» **Exercise aim**: Give the number of lines in the entries below that hold "çalışmalar", with no accompanying words.

--- Extracted entries Enclosed Below ---

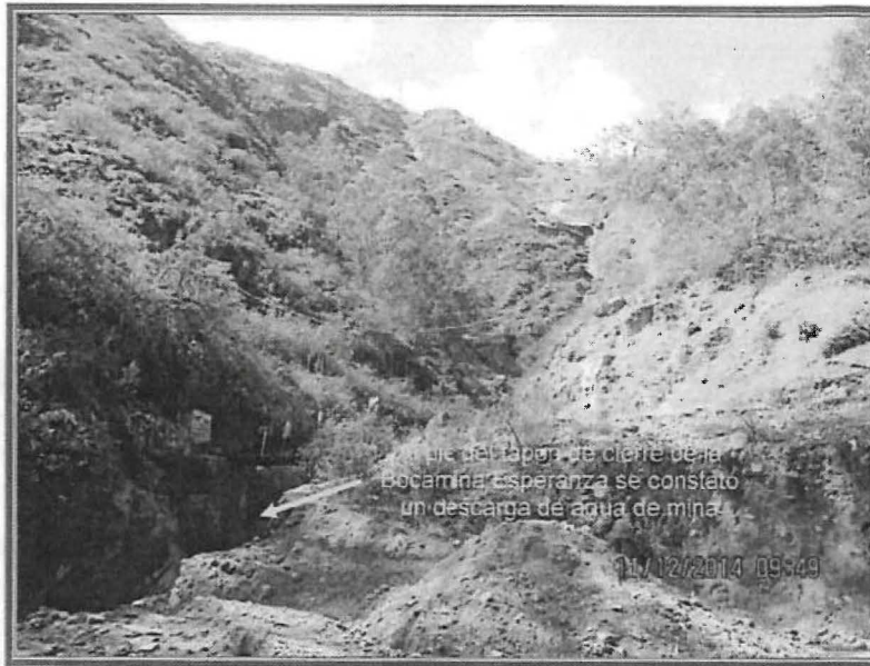
Fotografía N° 23: Bocamina La Esperanza. Vista panorámica de la bocamina Esperanza, en el nivel 2382. Al pie del tapón de cierre se constató un afloramiento de agua hacia la quebrada.
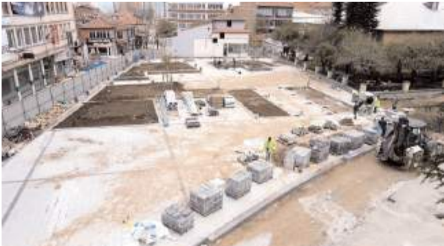
Meydan projesinin 6,5 dönümünü kapsayan bölümde çalışmalar tamamlanmak üzere.

Çorum'u daha güzel ve daha yaşanabilir bir kent haline getirmek için önemli çalışmalar yap-
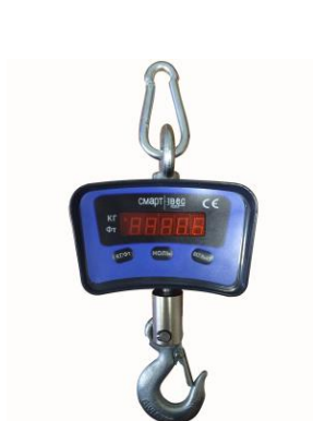
Рис. 1 ВЭК/1-[X]

Общий вид весов крановых ВЭК представлен на рисунках 1-8.
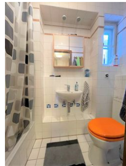
Klein, aber fein!
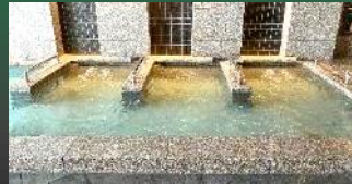
ジェットバス(左の湯)

湧き出す気泡の発振する超音波で血行を促進します。 女流作家による砥部焼陶板壁画も必見。
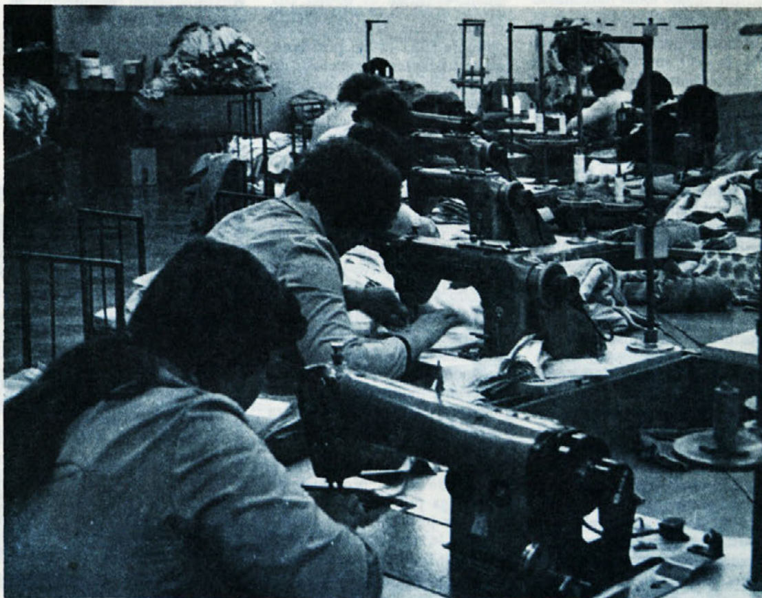
V občini Krško poteka na pobudo Skupnosti zdravstvenega varstva akcija za socialno pomoč. Tudi IO OOS TOZD LIBNA je pristopil k akciji in že pripravljajo predloge (glej stran 6).

nosti materialne proizvodnje za obdobje 81 — 85 pa še do danes ne moremo trditi, da so usklajene s hotenji in z zmoglostmi združenega dela. Tako bodo morale SIS materialne proizvodnje še v prvem tromesečju prihodnjega leta sprejeti anekse k samoupravnim sporazumom, s katerimi bodo natančneje opredelili osnove in merila za združevanje sredstev. Sedanji predlog prispevnih stopenj lahko zatorej smatramo le kot globalne obveze, ki jih bo potrebno s kasnejšimi aneksi dopolniti. Iz doslej razpoložljivih podatkov nam izračuni kažejo, da bodo obremenitve v letu 1981 večje za cca 6 do 8 odstotkov (izračun je približen). Po predlogih samoupravnih sporazumov občinskih gospodarskih in družbenih SIS imamo podobne težave tudi v posameznih občinah. Do dne 4. decembra, ko smo pripravljali ta prispevek, smo razpolagali s podatki le za občino Novo mesto, Ptuj in Ljubljana — Bežigrad.
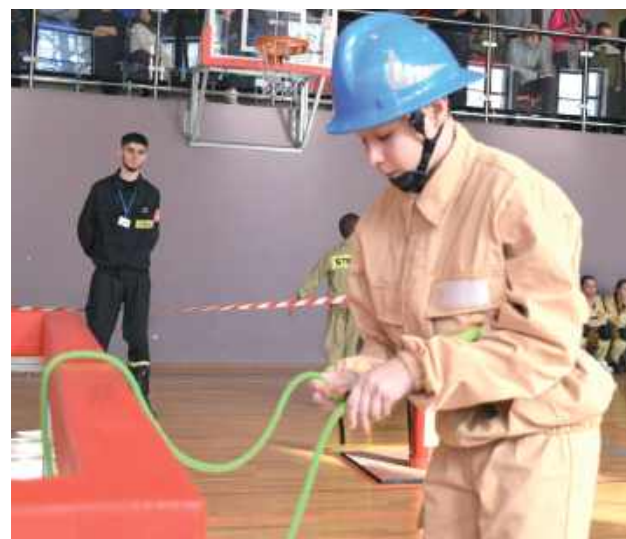
Podczas konkurencji młodzież musiała się uporać m.in. z zawiązaniem linki strażackiej
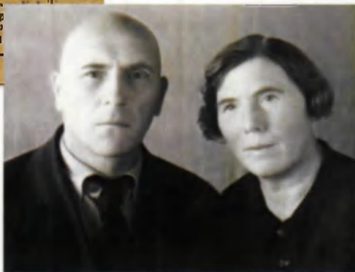
Фота Бельскіх часу Вялікай Айчыннай вайны. Бухара, 1944.

Запращальны білет на пасяджэнне вучонага савета Бухарскага педінстытута. 1942.
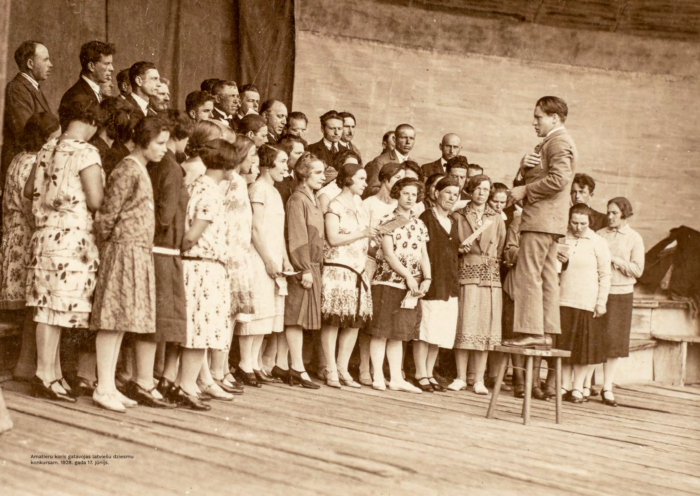
Amatieru koris gatavojas latviešu dziesmu konkursam. 1928. gada 17. jūnijs.
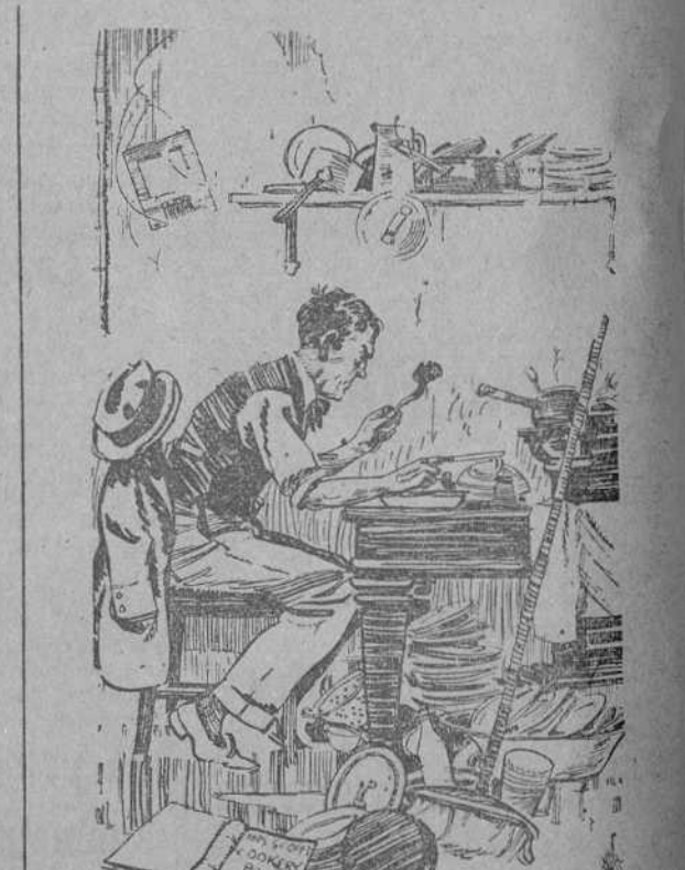
EL ETERNO PROTESTON (que en ausencia de su mujer ha tenido que ocuparse hasta de hacer la comida).—¡Pero se puede saber qué diablos habéis hecho hoy con las patatas!... (Passing Show, Londres.)
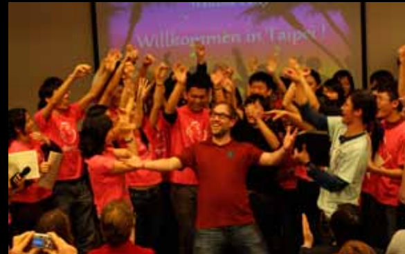
Geburtsstagsständchen auf Chinesisch 用中文小曲《當你生日》為壽星祝壽
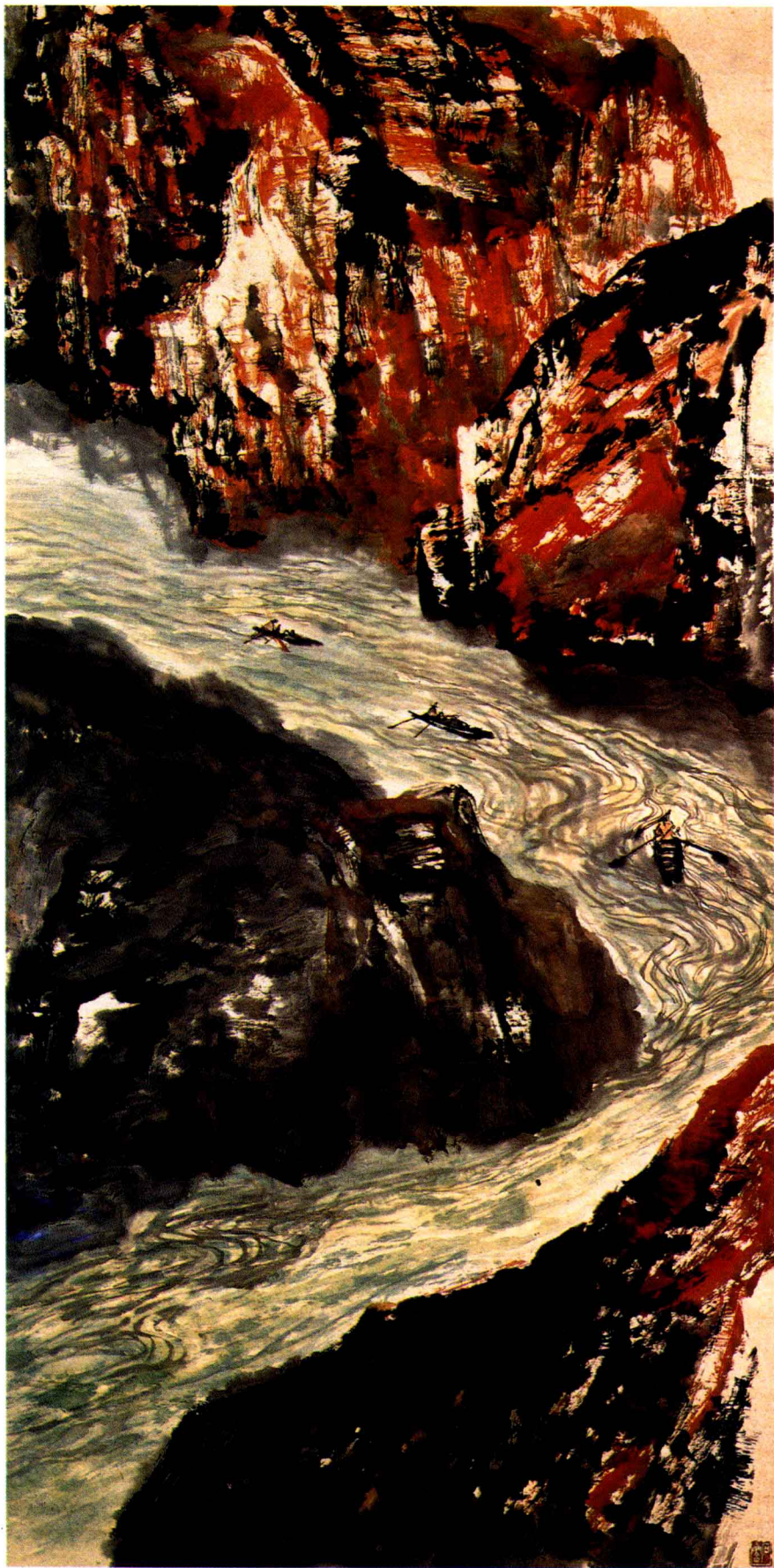
◎赤崖映碧流 / 石鲁

--- End of Enclosed Extracted entries ---

» **Answer to this problem**: 2